| Task goal |
The data below should be restated word for word, pictures omitted.

| Provided records |

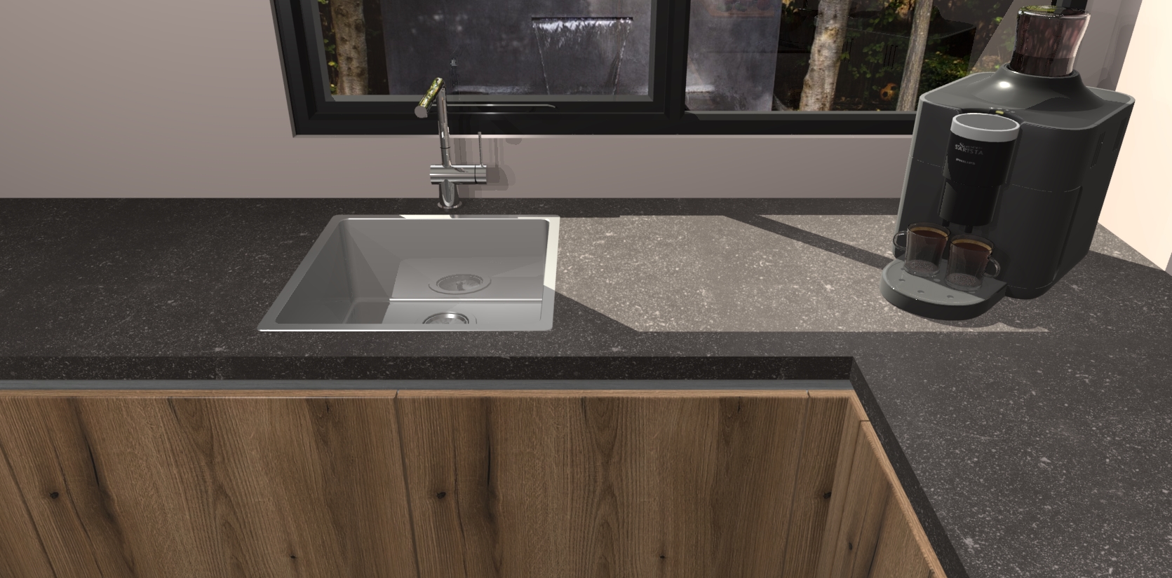 - Bij een hoekwerkblad zijn de hoeken in gevreesd en op maat gemaakt
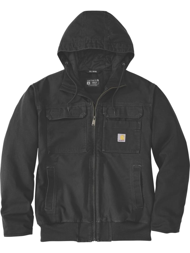 Свободный крой · 12 унций/ярд² - 407 г/м² · 100% хлопок · Мягкая утка · Подкладка: стеганая тафта · Утеплитель: утеплитель Syncloud Loft · Mighty Back - двубортный крой между плечами для большей свободы движений · Rugged Flex - облегчает движение · Full Swing - большая свобода движений · Wind Fighter - останавливает ветер · Пришитый стеганый трехсекционный капюшон с регулируемым шнурком · Длинные рукава · Два нагрудных кармана с клапанами и застежкой на липучке · Два передних кармана на молнии · Передняя молния во всю длину с защитой подбородка · Ребристые манжеты на внутренней стороне рукавов · Ребристый пояс · Тройные основные швы · Пришита этикетка Carhartt карман
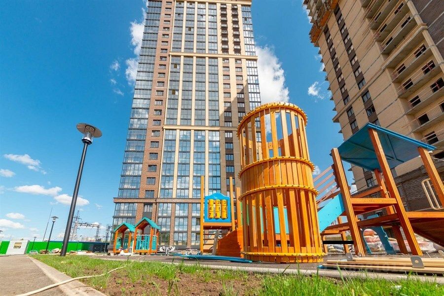 Двор комплекса - это заливистый смех детей, оживленные разговоры взрослых, тихое щебетание птиц и шуршание зеленых веток. Кто-то выходит с покупками из магазина, пока другие сидят на завтраке в кофейне. В это время в роще родители гуляют с колясками и вокруг них по деревьям прыгают белочки. На футбольном поле занимаются подростки, а ребята помладше бегают от качелей к горкам по безопасному покрытию игровой площадки.
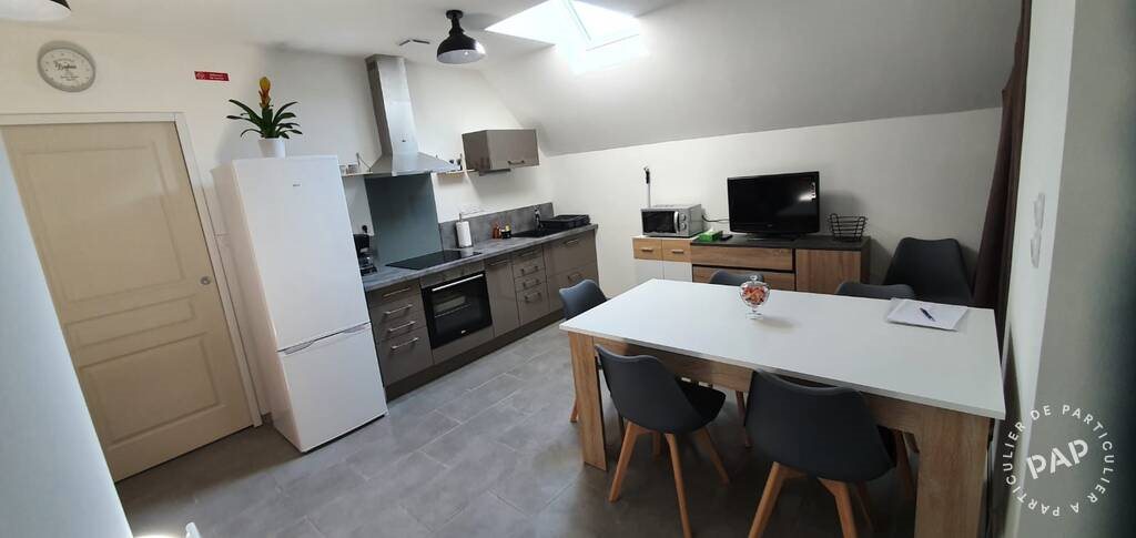 T2 mansarde de 2021 tout équipé (vaisselle, casseroles, machine à laver, planche à repasser, étendage, fer à repasser, four, four micro-ondes, frigo, cafetière, grille-pain, bouilloire…) Libre de suite 1 grand lit 1 lit superposé 1 canapé lit Télévision Les charges comprennent le wifi par fibre, l’assurance et les communs et en ce qui concerne l’électricité et l’eau, elles sont à payer tous les mois sur facture après relève de la consommation réelle. Bail court possible Références exigées Caution par chèque demandée et non encaissée, chèque rendu au départ du locataire
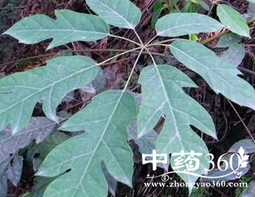 【原形态】乔木灌木,高3-8m。茎粗大,外表暗褐色;小枝粗壮,幼时必生黄棕以星状绒毛,后即脱落;具白以片状髓心。掌状复叶有小叶4-7;叶柄长4-16cm,最长可至70cm,幼时密生星状绒毛,成长圆形,卵状披针形或长圆状披针形,长6-20cm,最长可达35cm,宽2-8cm或稍宽;先端急尖或短渐尖,基部钝形至圆形;全缘具疏离不整齐粗齿或1-3浅裂至深裂,上面无毛,下面密生灰白以或黄棕色星状绒毛,主脉粗而明显;侧脉8-12对,上面坦或微隆起,下面稍隆起,网脉上面稍下陷,稀平坦,下面为绒毛掩盖而不隆起。花无梗,穗状花序聚生成大圆锥花序顶生,长12-10cm,主轴和分枝幼时均密被星状绒毛,后毛逐渐脱落,分枝长10-30cm;苞片卵形,长4-5mm,小苞片三角状卵形,长1-2mm,均密被星状绒毛;萼长1.5-2mm,疏被星状短柔毛,边缘有4-5齿;‘花瓣4-5,三角状卵形,长约2mm,无毛,花白色;雄蕊5,花丝长约3mm;子房下位,4-5室;花柱合生成柱状,柱头不明显,花盘隆起。果实球形,直径约4mm,紫黑色,几无毛;宿存花柱长1.5-2mm。花期10-11月,果期翌年1月。
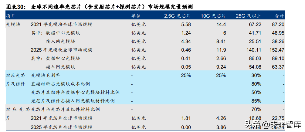 1) 行業出(chu)貨結構向 25G 及以(yi)上(shang)(shang)速(su)(su)(su)率(lv)芯(xin)片(pian)進一步(bu)傾(qing)斜。在數通以(yi)及電信(xin)市(shi)場需求(qiu)的(de)(de)拉(la)動下(xia), 我們測算全球(qiu)高(gao)(gao)速(su)(su)(su)率(lv)激光(guang)芯(xin)片(pian)市(shi)場規模將由(you) 2021 年(nian)(nian)的(de)(de) 11 億(yi)美元(yuan)提(ti)升至(zhi) 2025 年(nian)(nian)的(de)(de) 19 億(yi)美元(yuan),對(dui)應期(qi)(qi)間 CAGR 為 14%;其中 25G 及以(yi)上(shang)(shang)速(su)(su)(su)率(lv)芯(xin)片(pian)市(shi)場規模預(yu)計由(you) 2021 年(nian)(nian) 的(de)(de) 8 億(yi)美元(yuan)提(ti)升至(zhi) 2025 年(nian)(nian)的(de)(de) 17 億(yi)美元(yuan),對(dui)應期(qi)(qi)間 CAGR 為 20%,出(chu)貨金額的(de)(de)占比有(you) 望由(you) 2021 年(nian)(nian)的(de)(de) 73%提(ti)升至(zhi) 2025 年(nian)(nian)的(de)(de) 90%,有(you)望實現超越行業的(de)(de)增長,我們認(ren)為驅動 因素主要系全球(qiu)移(yi)動通信(xin)、數據中心等領域通信(xin)系統向更(geng)快傳輸速(su)(su)(su)率(lv)升級背景下(xia),更(geng)高(gao)(gao) 速(su)(su)(su)率(lv)的(de)(de)激光(guang)芯(xin)片(pian)需求(qiu)有(you)望快速(su)(su)(su)釋放(fang)。
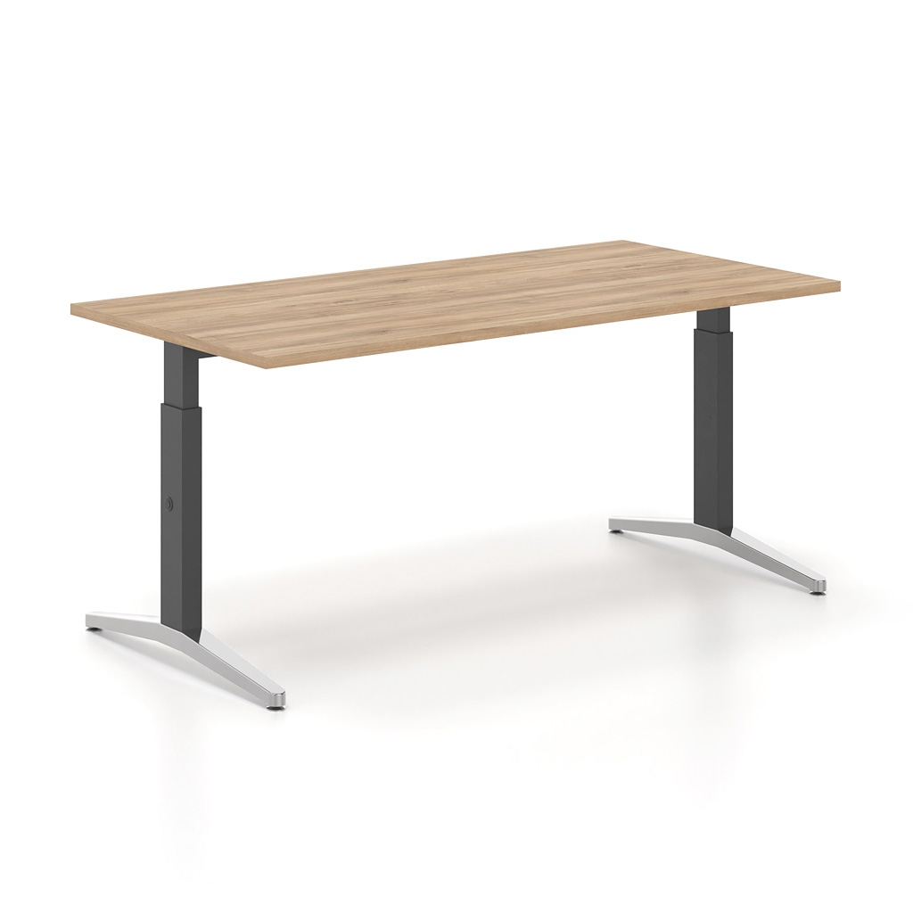 Η σειρά γραφείων ALMA εμπλουτίστηκε με σχεδιαστικές λύσεις και προτάσεις, που ανταποκρίνονται στις σημερινές ανάγκες ευελιξίας και εργονομίας στο σύγχρονο χώρο εργασίας. Χάρη στα τηλεσκοπικά, μεταλλικά, κάθετα στηρίγματα σχήματος Τ της σειράς ALMA K, επιτυγχάνεται εύκολα και γρήγορα η ρύθμιση του γραφείου καθ’ύψος

| Answer box |
 - Bij een hoekwerkblad zijn de hoeken in gevreesd en op maat gemaakt
 Свободный крой · 12 унций/ярд² - 407 г/м² · 100% хлопок · Мягкая утка · Подкладка: стеганая тафта · Утеплитель: утеплитель Syncloud Loft · Mighty Back - двубортный крой между плечами для большей свободы движений · Rugged Flex - облегчает движение · Full Swing - большая свобода движений · Wind Fighter - останавливает ветер · Пришитый стеганый трехсекционный капюшон с регулируемым шнурком · Длинные рукава · Два нагрудных кармана с клапанами и застежкой на липучке · Два передних кармана на молнии · Передняя молния во всю длину с защитой подбородка · Ребристые манжеты на внутренней стороне рукавов · Ребристый пояс · Тройные основные швы · Пришита этикетка Carhartt карман
 Двор комплекса - это заливистый смех детей, оживленные разговоры взрослых, тихое щебетание птиц и шуршание зеленых веток. Кто-то выходит с покупками из магазина, пока другие сидят на завтраке в кофейне. В это время в роще родители гуляют с колясками и вокруг них по деревьям прыгают белочки. На футбольном поле занимаются подростки, а ребята помладше бегают от качелей к горкам по безопасному покрытию игровой площадки.
 T2 mansarde de 2021 tout équipé (vaisselle, casseroles, machine à laver, planche à repasser, étendage, fer à repasser, four, four micro-ondes, frigo, cafetière, grille-pain, bouilloire…) Libre de suite 1 grand lit 1 lit superposé 1 canapé lit Télévision Les charges comprennent le wifi par fibre, l’assurance et les communs et en ce qui concerne l’électricité et l’eau, elles sont à payer tous les mois sur facture après relève de la consommation réelle. Bail court possible Références exigées Caution par chèque demandée et non encaissée, chèque rendu au départ du locataire
 【原形态】乔木灌木,高3-8m。茎粗大,外表暗褐色;小枝粗壮,幼时必生黄棕以星状绒毛,后即脱落;具白以片状髓心。掌状复叶有小叶4-7;叶柄长4-16cm,最长可至70cm,幼时密生星状绒毛,成长圆形,卵状披针形或长圆状披针形,长6-20cm,最长可达35cm,宽2-8cm或稍宽;先端急尖或短渐尖,基部钝形至圆形;全缘具疏离不整齐粗齿或1-3浅裂至深裂,上面无毛,下面密生灰白以或黄棕色星状绒毛,主脉粗而明显;侧脉8-12对,上面坦或微隆起,下面稍隆起,网脉上面稍下陷,稀平坦,下面为绒毛掩盖而不隆起。花无梗,穗状花序聚生成大圆锥花序顶生,长12-10cm,主轴和分枝幼时均密被星状绒毛,后毛逐渐脱落,分枝长10-30cm;苞片卵形,长4-5mm,小苞片三角状卵形,长1-2mm,均密被星状绒毛;萼长1.5-2mm,疏被星状短柔毛,边缘有4-5齿;‘花瓣4-5,三角状卵形,长约2mm,无毛,花白色;雄蕊5,花丝长约3mm;子房下位,4-5室;花柱合生成柱状,柱头不明显,花盘隆起。果实球形,直径约4mm,紫黑色,几无毛;宿存花柱长1.5-2mm。花期10-11月,果期翌年1月。
 1) 行業出(chu)貨結構向 25G 及以(yi)上(shang)(shang)速(su)(su)(su)率(lv)芯(xin)片(pian)進一步(bu)傾(qing)斜。在數通以(yi)及電信(xin)市(shi)場需求(qiu)的(de)(de)拉(la)動下(xia), 我們測算全球(qiu)高(gao)(gao)速(su)(su)(su)率(lv)激光(guang)芯(xin)片(pian)市(shi)場規模將由(you) 2021 年(nian)(nian)的(de)(de) 11 億(yi)美元(yuan)提(ti)升至(zhi) 2025 年(nian)(nian)的(de)(de) 19 億(yi)美元(yuan),對(dui)應期(qi)(qi)間 CAGR 為 14%;其中 25G 及以(yi)上(shang)(shang)速(su)(su)(su)率(lv)芯(xin)片(pian)市(shi)場規模預(yu)計由(you) 2021 年(nian)(nian) 的(de)(de) 8 億(yi)美元(yuan)提(ti)升至(zhi) 2025 年(nian)(nian)的(de)(de) 17 億(yi)美元(yuan),對(dui)應期(qi)(qi)間 CAGR 為 20%,出(chu)貨金額的(de)(de)占比有(you) 望由(you) 2021 年(nian)(nian)的(de)(de) 73%提(ti)升至(zhi) 2025 年(nian)(nian)的(de)(de) 90%,有(you)望實現超越行業的(de)(de)增長,我們認(ren)為驅動 因素主要系全球(qiu)移(yi)動通信(xin)、數據中心等領域通信(xin)系統向更(geng)快傳輸速(su)(su)(su)率(lv)升級背景下(xia),更(geng)高(gao)(gao) 速(su)(su)(su)率(lv)的(de)(de)激光(guang)芯(xin)片(pian)需求(qiu)有(you)望快速(su)(su)(su)釋放(fang)。
 Η σειρά γραφείων ALMA εμπλουτίστηκε με σχεδιαστικές λύσεις και προτάσεις, που ανταποκρίνονται στις σημερινές ανάγκες ευελιξίας και εργονομίας στο σύγχρονο χώρο εργασίας. Χάρη στα τηλεσκοπικά, μεταλλικά, κάθετα στηρίγματα σχήματος Τ της σειράς ALMA K, επιτυγχάνεται εύκολα και γρήγορα η ρύθμιση του γραφείου καθ’ύψος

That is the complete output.